**Task item:**
Reproduce from the records below, with no pictures, exactly the lines between the one containing "Body made of" and the one containing "NO Kriteria ( 100%) Ya Tidak", inclusive.

**Information given:**
==========

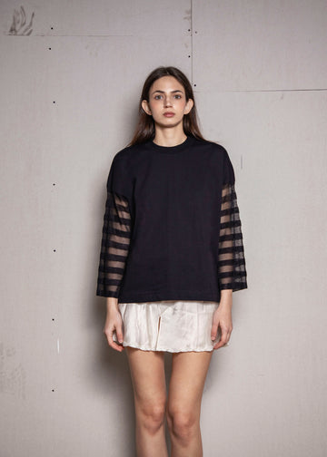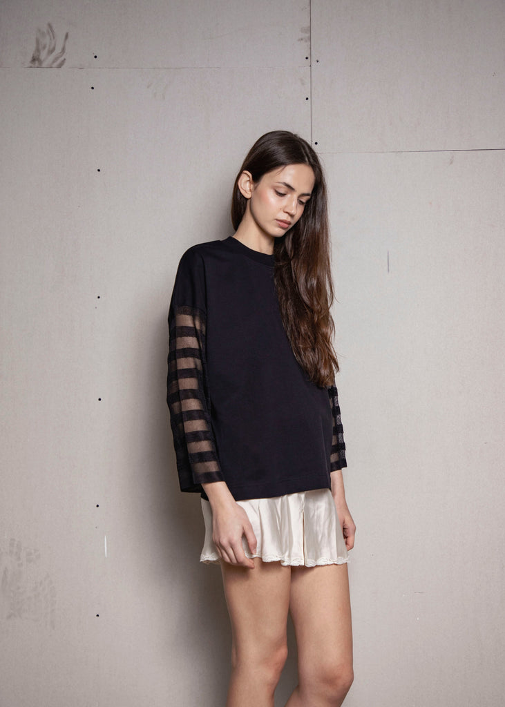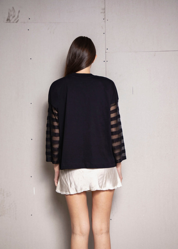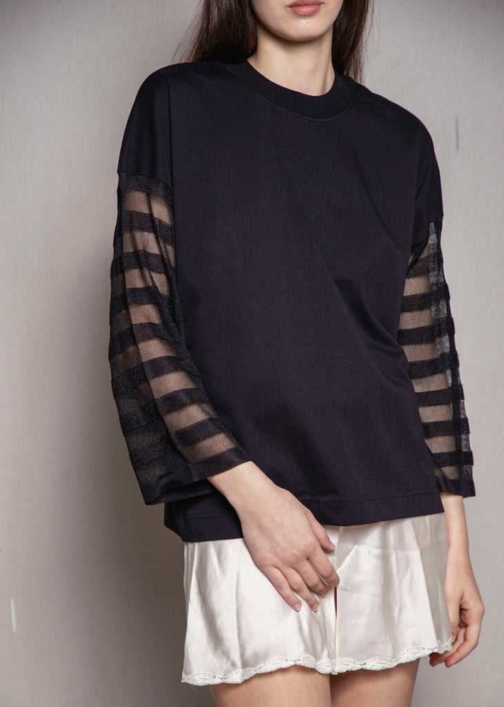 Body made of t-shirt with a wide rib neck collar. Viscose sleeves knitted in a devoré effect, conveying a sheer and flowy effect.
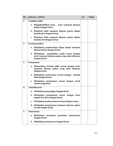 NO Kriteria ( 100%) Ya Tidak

==========

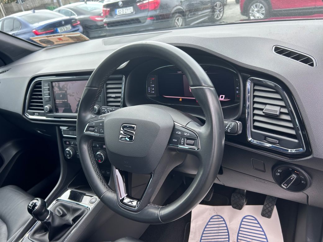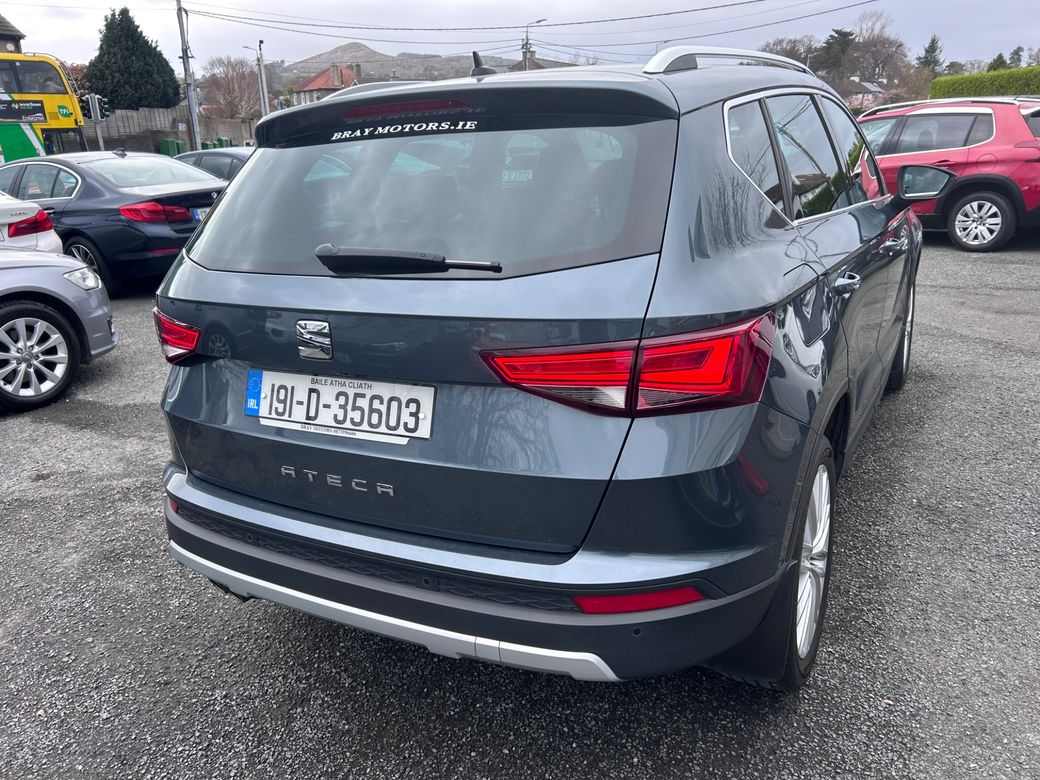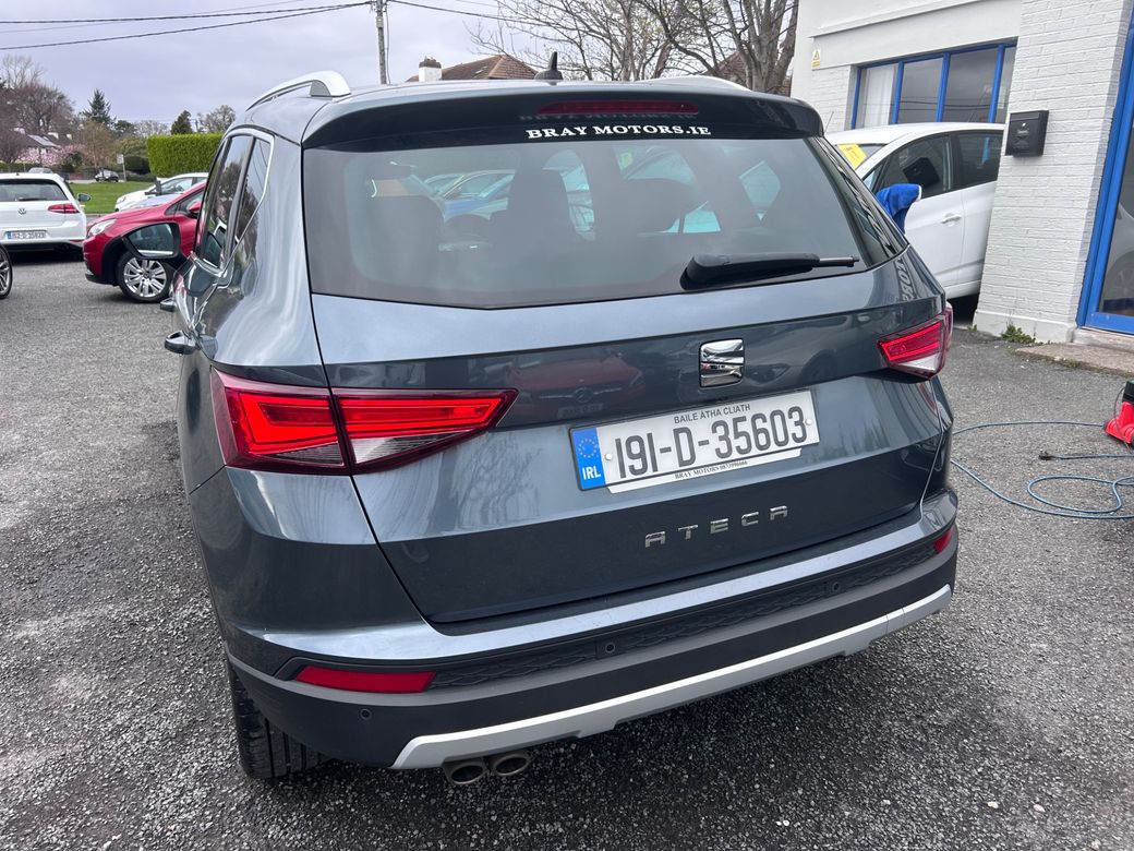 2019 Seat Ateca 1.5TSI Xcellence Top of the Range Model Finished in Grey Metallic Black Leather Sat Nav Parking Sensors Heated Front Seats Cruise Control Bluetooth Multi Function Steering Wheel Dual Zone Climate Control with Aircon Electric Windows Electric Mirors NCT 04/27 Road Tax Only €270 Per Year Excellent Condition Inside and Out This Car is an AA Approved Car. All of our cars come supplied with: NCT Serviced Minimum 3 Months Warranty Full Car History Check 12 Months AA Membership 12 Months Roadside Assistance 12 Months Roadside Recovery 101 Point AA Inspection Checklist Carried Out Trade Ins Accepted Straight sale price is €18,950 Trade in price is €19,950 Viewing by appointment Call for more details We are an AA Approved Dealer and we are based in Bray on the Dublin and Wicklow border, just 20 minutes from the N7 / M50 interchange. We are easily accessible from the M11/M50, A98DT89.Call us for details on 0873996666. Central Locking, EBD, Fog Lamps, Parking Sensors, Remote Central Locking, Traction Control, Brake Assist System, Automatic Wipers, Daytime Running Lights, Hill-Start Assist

==========

**Expected output:**
 Body made of t-shirt with a wide rib neck collar. Viscose sleeves knitted in a devoré effect, conveying a sheer and flowy effect.
 NO Kriteria ( 100%) Ya Tidak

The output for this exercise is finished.